* _ACTIVITY_:
Your response is a verbatim copy of the listing, stripped of its images.

── INFORMATION SHOWN

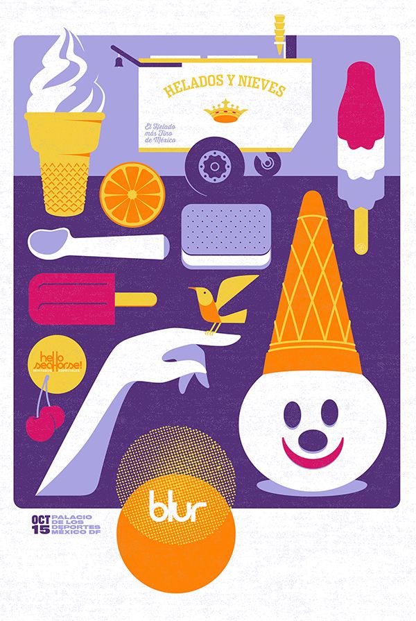 Çeşitli ulusal ve uluslararası grupların Meksika'da gerçekleştirdiği performanslar için çeşitli gruplar ve Mercadorama tarafından sipariş edilen posterler.
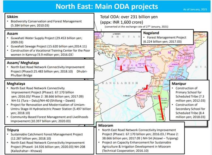Valued at 231 billion yen (appx INR 1,600 crore), the ongoing projects are being undertaken under the Official Development Assistant (ODA) from Japan government through the Japan International Cooperation Agency (JICA) in Sikkim, Meghalaya, Assam, Tripura, Mizoram, Nagaland, and Manipur.
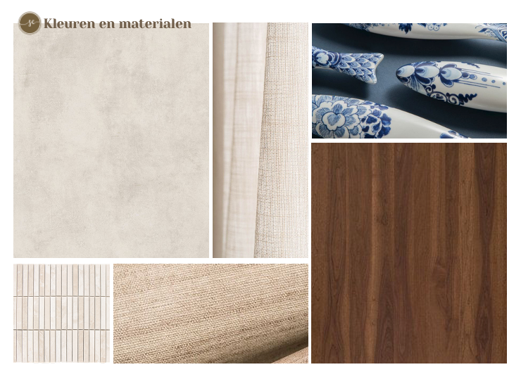 Voor dit karakteristieke huis aan het water in Brielle maakte ik een interieurontwerp voor de benedenverdieping. De wens was om Japandi vibes te combineren met blauwe accenten en een slimme indeling te creëren, passend bij de uitdagende afmetingen van de woning.
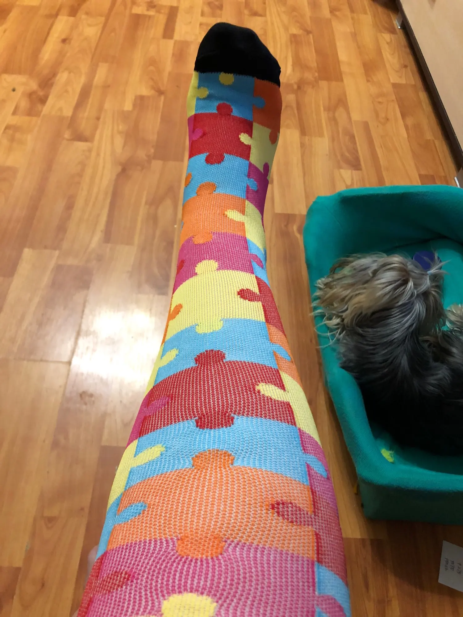 Очень хорошее сжатие, забавные цвета (не такие яркие, как на экране, но все еще достаточно яркие). Я доволен своими новыми носками!

────

* _EXPECTED ANSWER_:
 Çeşitli ulusal ve uluslararası grupların Meksika'da gerçekleştirdiği performanslar için çeşitli gruplar ve Mercadorama tarafından sipariş edilen posterler.
Valued at 231 billion yen (appx INR 1,600 crore), the ongoing projects are being undertaken under the Official Development Assistant (ODA) from Japan government through the Japan International Cooperation Agency (JICA) in Sikkim, Meghalaya, Assam, Tripura, Mizoram, Nagaland, and Manipur.
 Voor dit karakteristieke huis aan het water in Brielle maakte ik een interieurontwerp voor de benedenverdieping. De wens was om Japandi vibes te combineren met blauwe accenten en een slimme indeling te creëren, passend bij de uitdagende afmetingen van de woning.
 Очень хорошее сжатие, забавные цвета (не такие яркие, как на экране, но все еще достаточно яркие). Я доволен своими новыми носками!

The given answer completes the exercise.